Background to DISM
What is DISM
Solaris Dynamic Intimate Shared Memory (
DISM) provides shared memory that is dynamically resizable. DISM means that applications can respond to changes in memory availability by dynamically increasing or decreasing the size of optimized shared memory segments. The first major application to support
DISM was Oracle9i - Oracle9i uses
DISM for its dynamic System Global Area (SGA) capability.
The Origins of DISM
Many applications, and especially databases, use shared memory to cache frequently-used data (the buffer cache) and for interprocess communication. Solaris provides an optimized shared memory capability known as Intimate Shared Memory (ISM), and all major databases take advantage of it.
ISM benefits
ISM offers a number of benefits over standard System V shared memory:
1. ISM shared memory is automatically locked by the kernel when the segment is created. This not only ensures that the memory cannot be paged out, it also allows the kernel to use a fast locking mechanism when doing I/O into or out of the shared memory segment, thereby saving significant CPU time.
2. Kernel virtual-to-physical memory address translation structures, are shared between processes that attach to the shared memory, saving kernel memory and CPU time.
3. Large pages, supported by the UltraSPARC Memory Management Unit (MMU), are automatically allocated for ISM segments (as of Solaris 2.6 OS). Large pages can reduce the number of memory pointers by a factor of 512. This reduction in complexity translates into noticeable performance improvements, especially on systems with large amounts of memory.
4. Since memory is locked, no swap space is needed to back it, thereby saving disk space.
Unfortunately though, ISM segments cannot be resized. To change the size of an ISM database buffer cache, the database must be shutdown and restarted, affecting system availability. For example, removing memory by Dynamic Reconfiguration may require shutting down database instances.
DISM overcomes this limitation. A large
DISM segment can be created when the database boots, with sections of it selectively locked or unlocked as memory requirements change. Instead of the kernel automatically locking
DISM memory, though, locking and unlocking is done by the application (e.g. Oracle).
DISM Performance
When
DISM was first released in Solaris 8 Update 3 (1/01), it inherited a number of the benefits of ISM. In particular:
1. Memory is locked (by the application), preventing paging and allowing I/O to use fast kernel locking mechanisms.
2. Kernel virtual to physical memory address translation structures are shared between processes that attach to the DISM segment, saving kernel memory and CPU time.

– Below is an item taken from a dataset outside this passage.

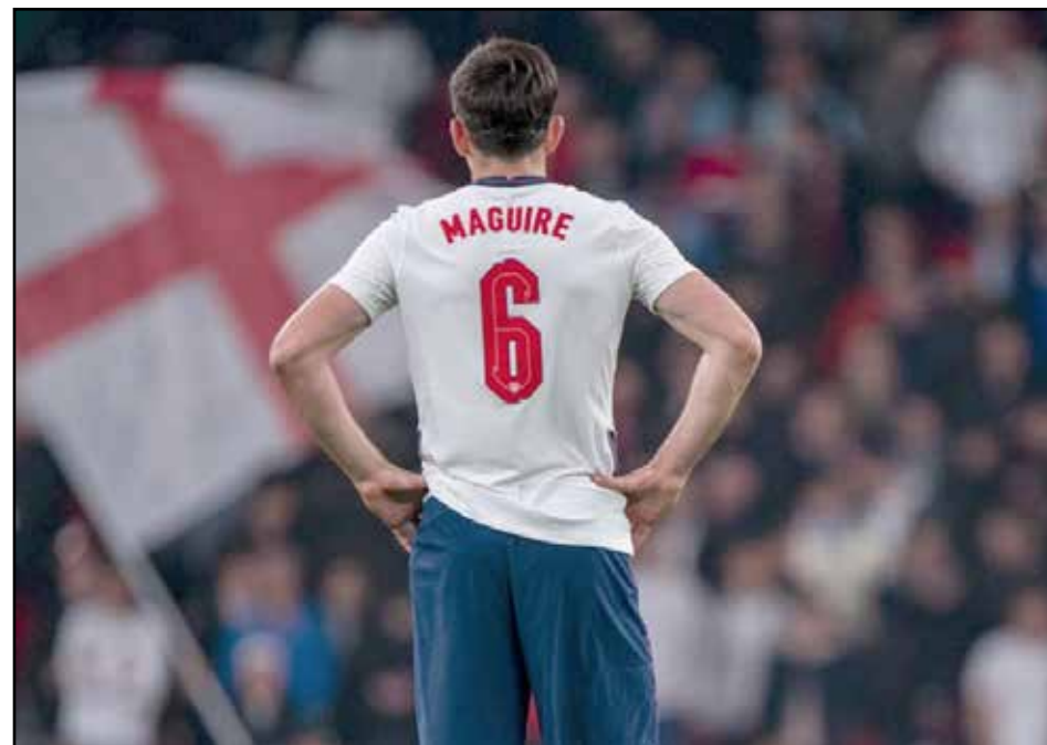
TOUGH SPELL: Manchester United's captain came in for a torrent of boos from the home fans ahead of Tuesday night's friendly against Ivory Coast

We are united as a team. We need a Harry Maguire playing well to have a chance of doing well because we are not going to win a World

In this first release, large MMU pages were not supported. For Solaris 8 systems with 8GB of memory or less, it is reasonable to expect a performance degradation of up to 10% compared to ISM, due to the lack of large page support in
DISM. The actual performance impact will vary, though, according to the amount of shared memory and the frequency of access to it. Sun recommends avoiding
DISM on Solaris 8 either where SGAs are greater than 8 Gbytes in size, or on systems with a typical CPU utilization of 70% or more. In general, where performance is critical,
DISM should be avoided on Solaris 8. As we will see, Solaris 9 Update 2 (the 12/02 release) is the appropriate choice for using
DISM with systems of this type.
Solaris 9 Update 1 (the 9/02 release) introduced large page support for
DISM segments. Tests have shown that, as of this release,
DISM and ISM performance are equivalent. This enhancement is significant - the availability benefits of
DISM can be enjoyed without compromising performance.

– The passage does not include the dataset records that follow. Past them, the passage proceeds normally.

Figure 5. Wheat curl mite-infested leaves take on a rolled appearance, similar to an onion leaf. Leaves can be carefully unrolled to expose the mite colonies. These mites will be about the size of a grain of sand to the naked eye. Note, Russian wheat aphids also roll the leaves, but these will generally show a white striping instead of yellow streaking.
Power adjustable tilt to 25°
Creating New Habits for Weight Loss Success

Solaris 9 Update 2 (the 12/02 release) further enhances
DISM - unlocked memory can be more efficiently made available to other applications by proactively returning it to the free list, rather than waiting for the page daemon to locate it. This release also introduced a number of necessary
DISM-related bug fixes, making it the minimum Solaris 9 release for running
DISM.
Finally, since
DISM memory is not automatically locked, swap space must be allocated for the whole segment. If the swap defined is not big enough, the system will reserve memory pages in RAM, which can cause a memory shortage. Memory reservation in RAM does not decreases freemem, but decreases availrmem. This remaining difference between ISM and
DISM is unlikely to be a major issue, though, given the capacity of modern disk drives.
For more information on this extra swap reservation incurred when
DISM is used, see SunSolve InfoDoc 80799 "Solaris[TM] Operating System:
DISM double allocation of memory".
Oracle's Implementation of DISM in Oracle9i
Oracle took advantage of
DISM in Oracle9i (and subsequent releases, such as Oracle10g) to implement dynamic SGA resizing. Dynamic SGA resizing allows a database administrator (DBA) to respond to changing needs by increasing or decreasing SGA memory without a database reboot. Without
DISM this feature would not be available on Solaris.
Since
DISM requires the application to lock memory, and since memory locking can only be carried out by applications with superuser privileges, Oracle implemented a daemon that runs with root privileges. Since Oracle does not normally run with superuser privileges, the Role Based Access Control (RBAC) features introduced in Solaris 8 were used to provide that access in the first release of Oracle9i. RBAC allows a nominated binary to run with an effective uid of root. During the Oracle install procedure, the installer is asked to run a script as root; this script established the necessary RBAC permissions. In particular, entries were added to the /etc/user_attr and /etc/security/exec_attr files. Later Oracle releases simply made the $ORACLE_HOME/bin/oradism binary setuid root to achieve the same end.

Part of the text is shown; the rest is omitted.